Exercise prompt:
Only one stretch of the data should be retyped: the lines from the line containing "ガレージ箇所や本体外壁を立体的に飾り立てるレンガタイルを採用!" through the line containing "The reverse side". Keep pictures out of it.

══════════════════════════════

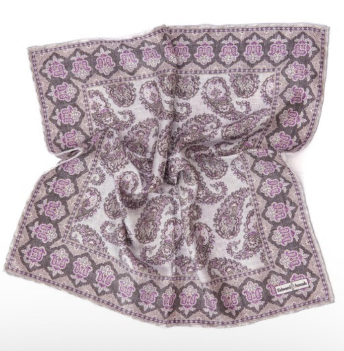 GRAY PAISLEY PRINT POCKET SQUARE, 100% SILK TWILL, HAND ROLL, 43X43CM
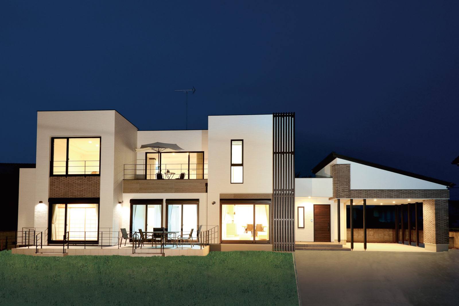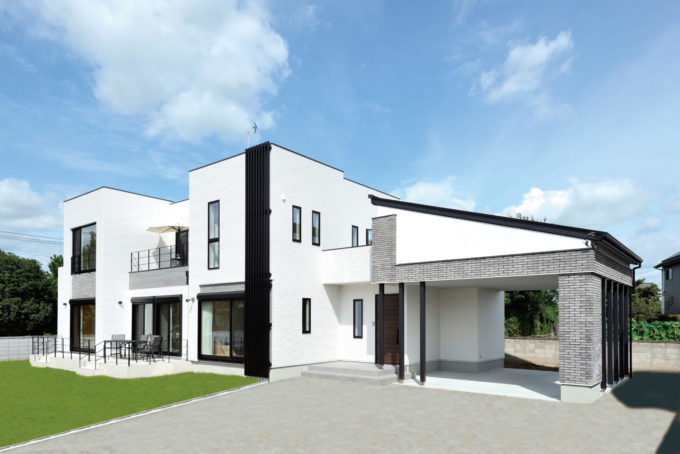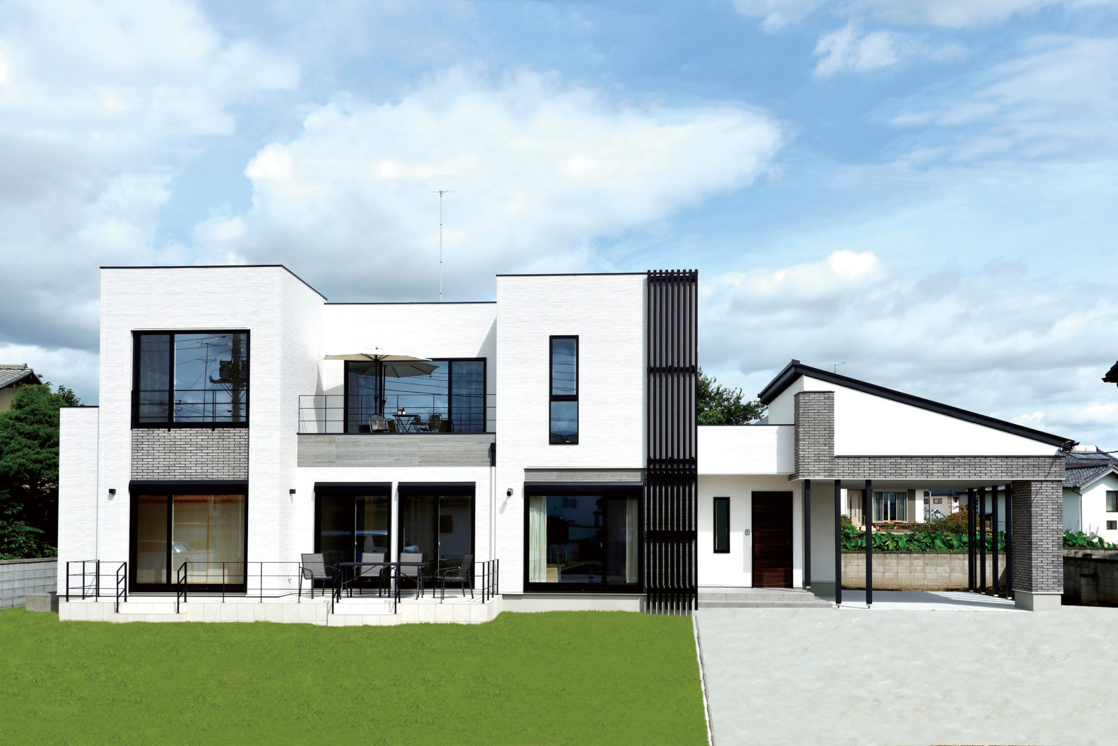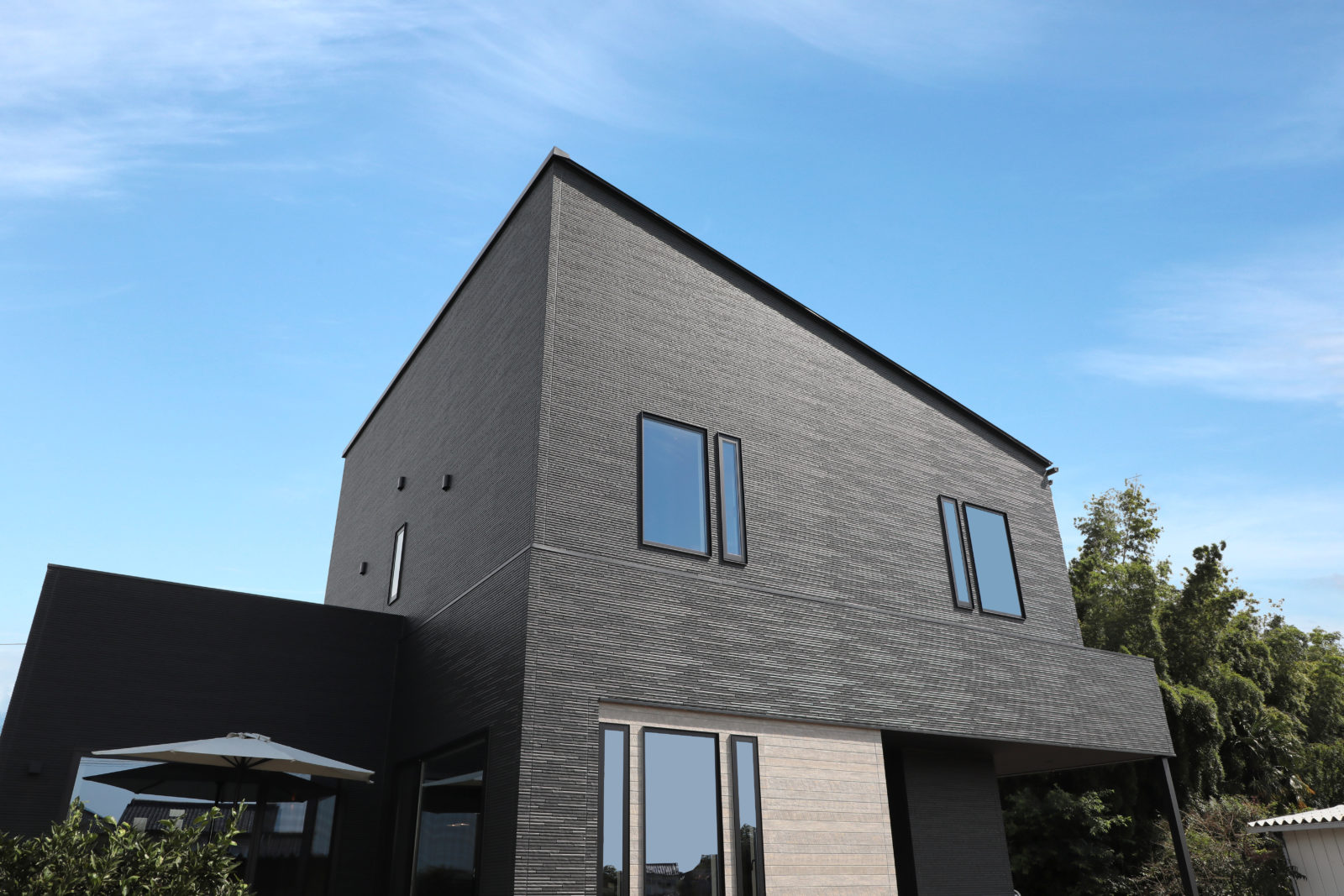 ガレージ箇所や本体外壁を立体的に飾り立てるレンガタイルを採用!
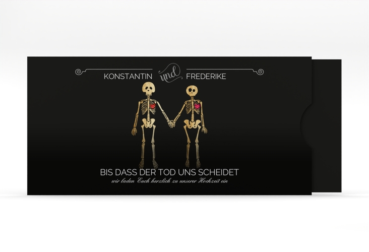 Die außergewöhnliche, ganz in Schwarz gehaltene Kollektion Bones mit den händchenhaltenden Skeletten und ihren rot leuchtenden Herzen ist das i-Tüpfelchen für eine Gothic- oder Rocker-Hochzeit. Mit der witzigen und skurrilen Hochzeitseinladung als Einsteckkarte bekommen Redewendungen wie „bis dass der Tod uns scheidet“ und „ewig währende Liebe“ eine ganz besondere Bedeutung.
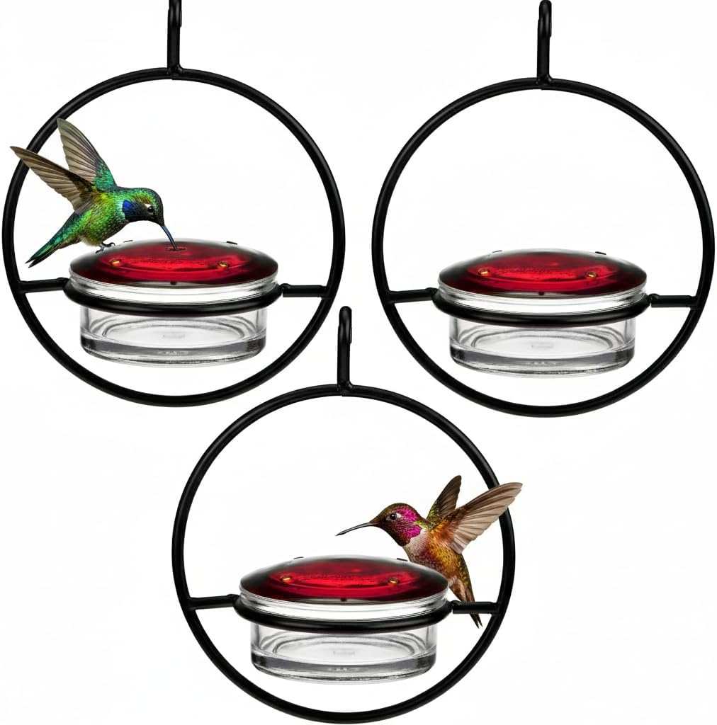 - 𝗘𝗮𝘀𝘆 𝘁𝗼 𝗖𝗹𝗲𝗮𝗻 & 𝗠𝗮𝗶𝗻𝘁𝗮𝗶𝗻: The detachable lid and bowl make cleaning quick and simple. Just hand-wash, refill, and hang again. Designed for everyday use, our hummingbird feeder glass style keeps nectar fresh and inviting, so your garden stays alive with fluttering color.
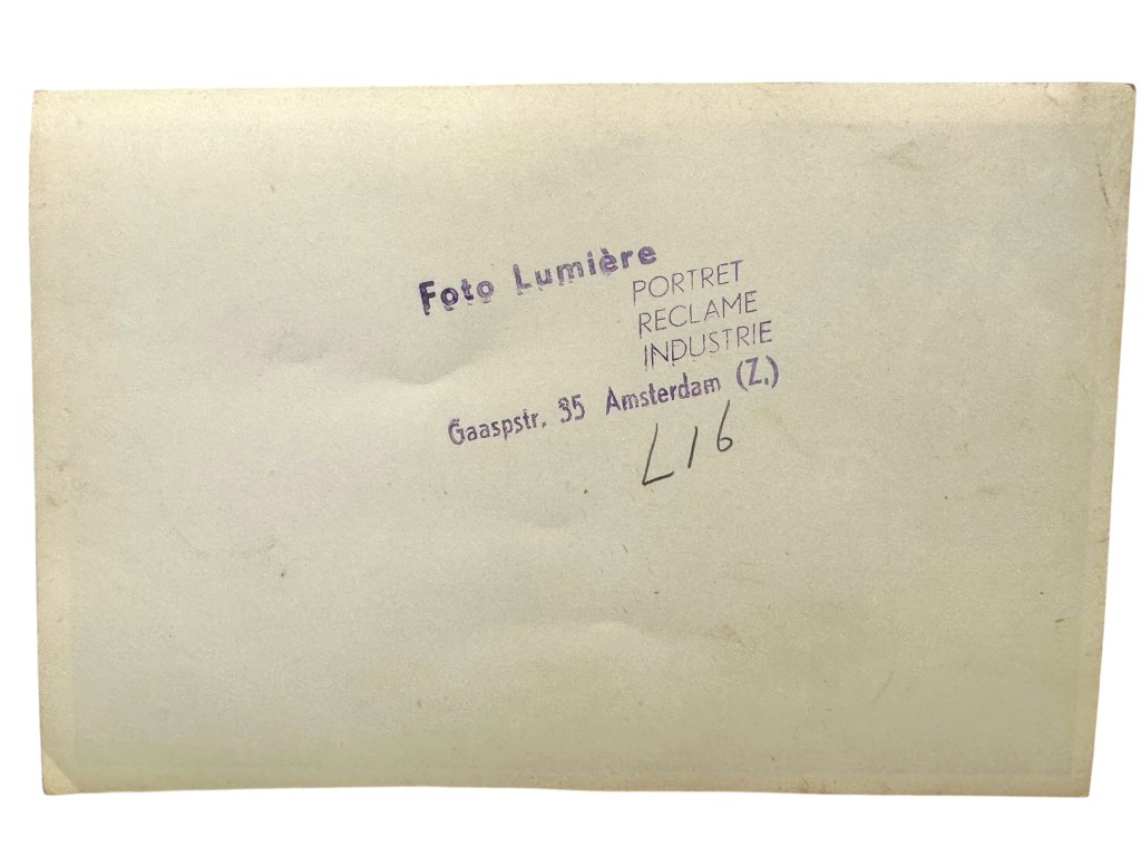 The reverse side bears a stamp from Foto Lumière in Amsterdam with the address Gaaspstraat 35.
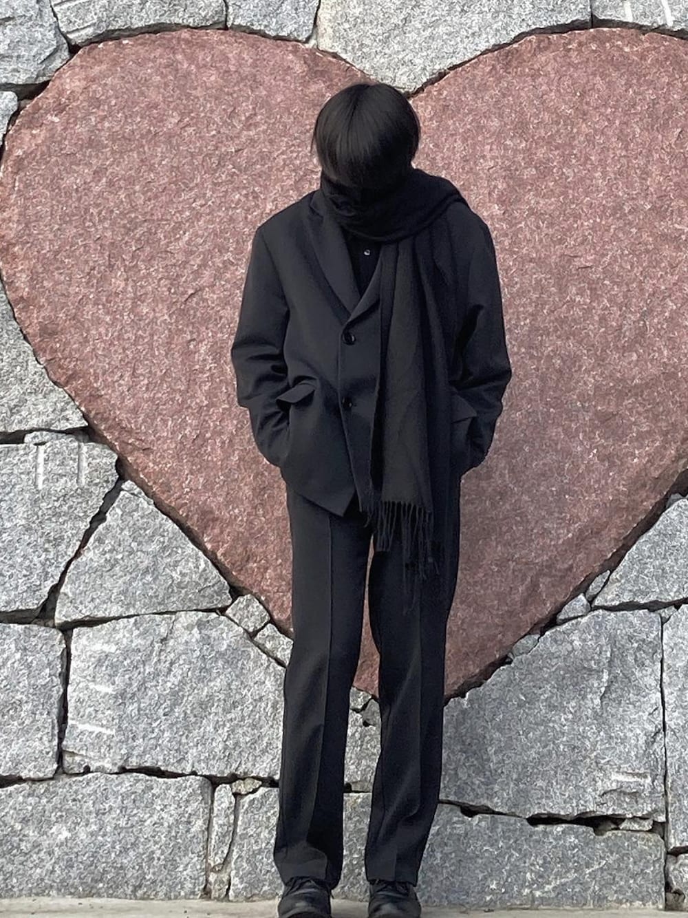 初詣の時に神社にいい背景の所があったので撮影してきました。 コンクリートにハートで演技良さそう。 今回のコーデはセットアップにマフラーで韓国系かつ忍者みたいなコーデを意識しました。寒い冬には少しきついジャケットコーデなので中にヒートテックやハイネックをしっかり着込んでます。 セットアップは、かっちりとした印象になりがちですがダブルにすることで普段着にも使えてオススメです。 とりあえず着るだけである程度コーデが様になります。 今回も最後まで見てくださり ありがとうございました! 【その他SNS】 TikTok▷▶︎▷▶︎@t_suda93 Instagram▷▶︎▷▶︎@t_suda93 フォロワー5000人目指してるので こちらもフォローの方宜しくお願いします。 contact▷▶︎▷▶︎DMまで!
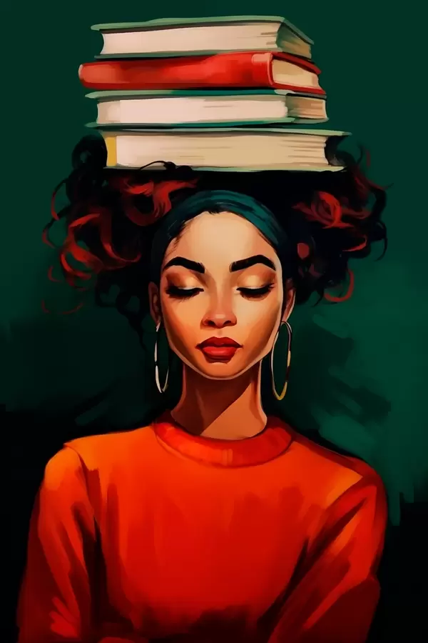 Plakát a sziklán Nő könyvekkel a fején f45952
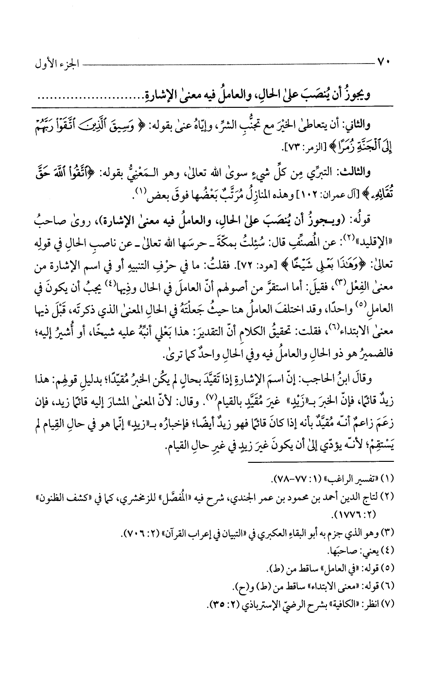 وقال ابن الحاجب: إن اسم الإشارة إذا تقيد بحال لم يكن الخير مقيدًا؛ بدليل قولهم: هذا زيد قائمًا، فإن الخبر بـ"زيد" غير مقيد بالقيام. وقال: لأن المعنى المشار إليه قائمًا زيد، فإن زعم زاعم أنه مقيد بأنه إذا كان قائمًا فهو زيد أيضًا، فإخباره بـ"زيد" إنما هو في حال القيام لم يستقيم؛ لأنه يؤدي إلى أن يكون غير زيد في غير حال القيام.
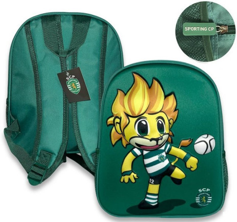 Mochila pré escolar do Sporting Clube de Portugal com o Jubas em 3D com um compartimento principal. Tem duas bolsas laterais em rede para garrafas e as alças são alcochoadas.
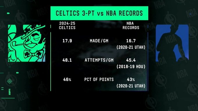 轉播方曬出一組本賽季凱爾特人和NBA歷史三分數據的對比:
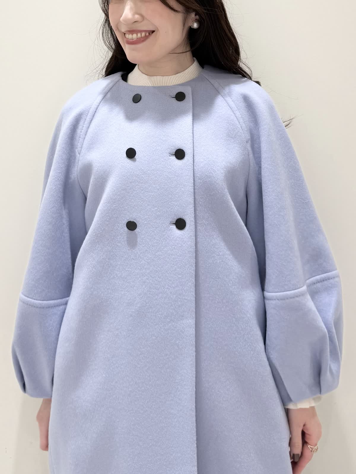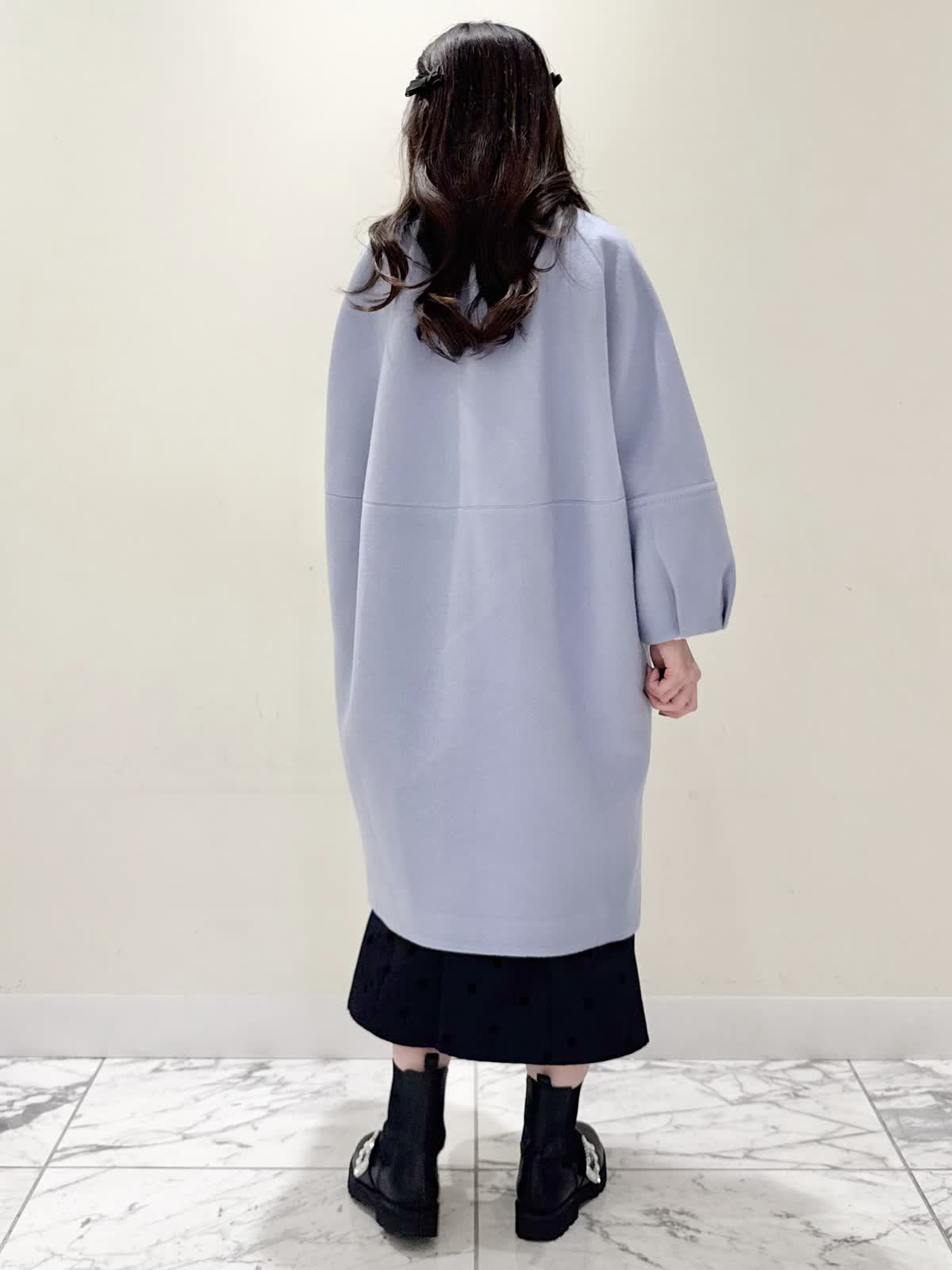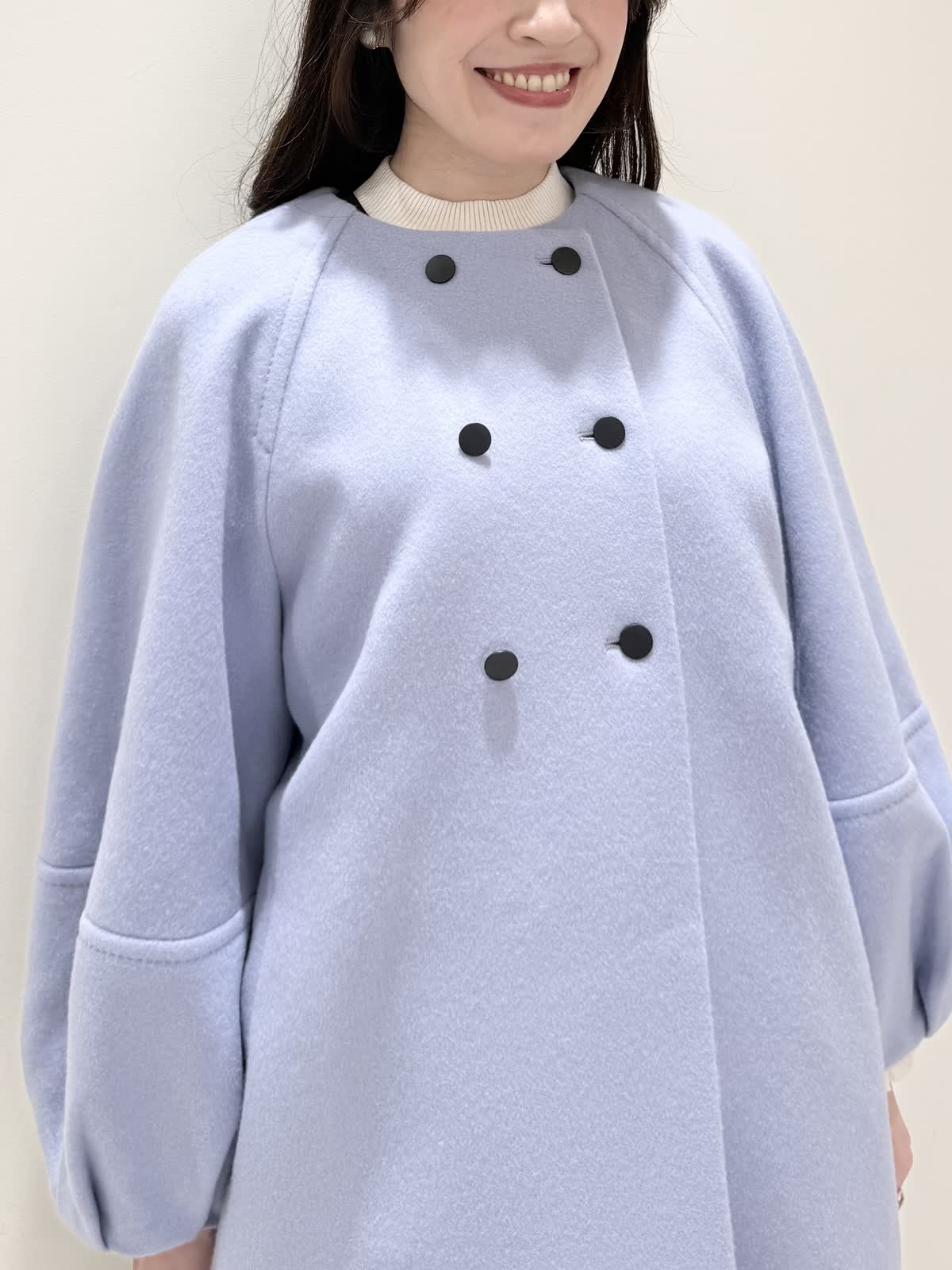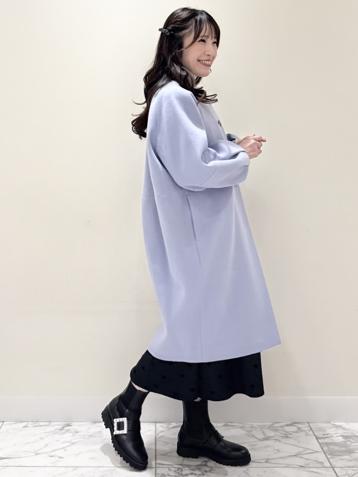 【着用サイズ/カラー】コート:7号/サックス ワンピース:5号/ブラック ニット:9号/アイボリー ブーツ:24.0cm/ブラック イベントシーズンに映えるカラーコートコーディネート♪カラーが綺麗なダブルボタンコートはボタンはブラック、ポワン袖がポイントのコートは袖はややスッキリとした手首が見える袖丈。アームホール、身幅共にゆったりし、裾にいくにつれてつぼまるバルーンシルエットが可愛いです。小柄な方でもバランス良く着られる膝下丈。すっきり着たい方は1サイズ小さめでも◯。合わせは切り替え高めからのフィット&フレアのシルエットのジャンスカ。アームホールはコンパクトめなので、今までのジャンスカに比べるとコンパクトに感じるかと思います。伸びる生地ではないので、程よいゆとりが欲しい方は1サイズ大きめで、ピッタリ着たい方はいつものサイズで◯とても軽い生地なので着心地◎インナーには大人気シリーズの今季バージョン♪柔らかいリブなので、ネックライン、見頃共に窮屈感なく、ノンウール生地なので肌あたり優しくとても着やすいので色違いでおすすめです。

══════════════════════════════

Expected answer:
 ガレージ箇所や本体外壁を立体的に飾り立てるレンガタイルを採用!
 Die außergewöhnliche, ganz in Schwarz gehaltene Kollektion Bones mit den händchenhaltenden Skeletten und ihren rot leuchtenden Herzen ist das i-Tüpfelchen für eine Gothic- oder Rocker-Hochzeit. Mit der witzigen und skurrilen Hochzeitseinladung als Einsteckkarte bekommen Redewendungen wie „bis dass der Tod uns scheidet“ und „ewig währende Liebe“ eine ganz besondere Bedeutung.
 - 𝗘𝗮𝘀𝘆 𝘁𝗼 𝗖𝗹𝗲𝗮𝗻 & 𝗠𝗮𝗶𝗻𝘁𝗮𝗶𝗻: The detachable lid and bowl make cleaning quick and simple. Just hand-wash, refill, and hang again. Designed for everyday use, our hummingbird feeder glass style keeps nectar fresh and inviting, so your garden stays alive with fluttering color.
 The reverse side bears a stamp from Foto Lumière in Amsterdam with the address Gaaspstraat 35.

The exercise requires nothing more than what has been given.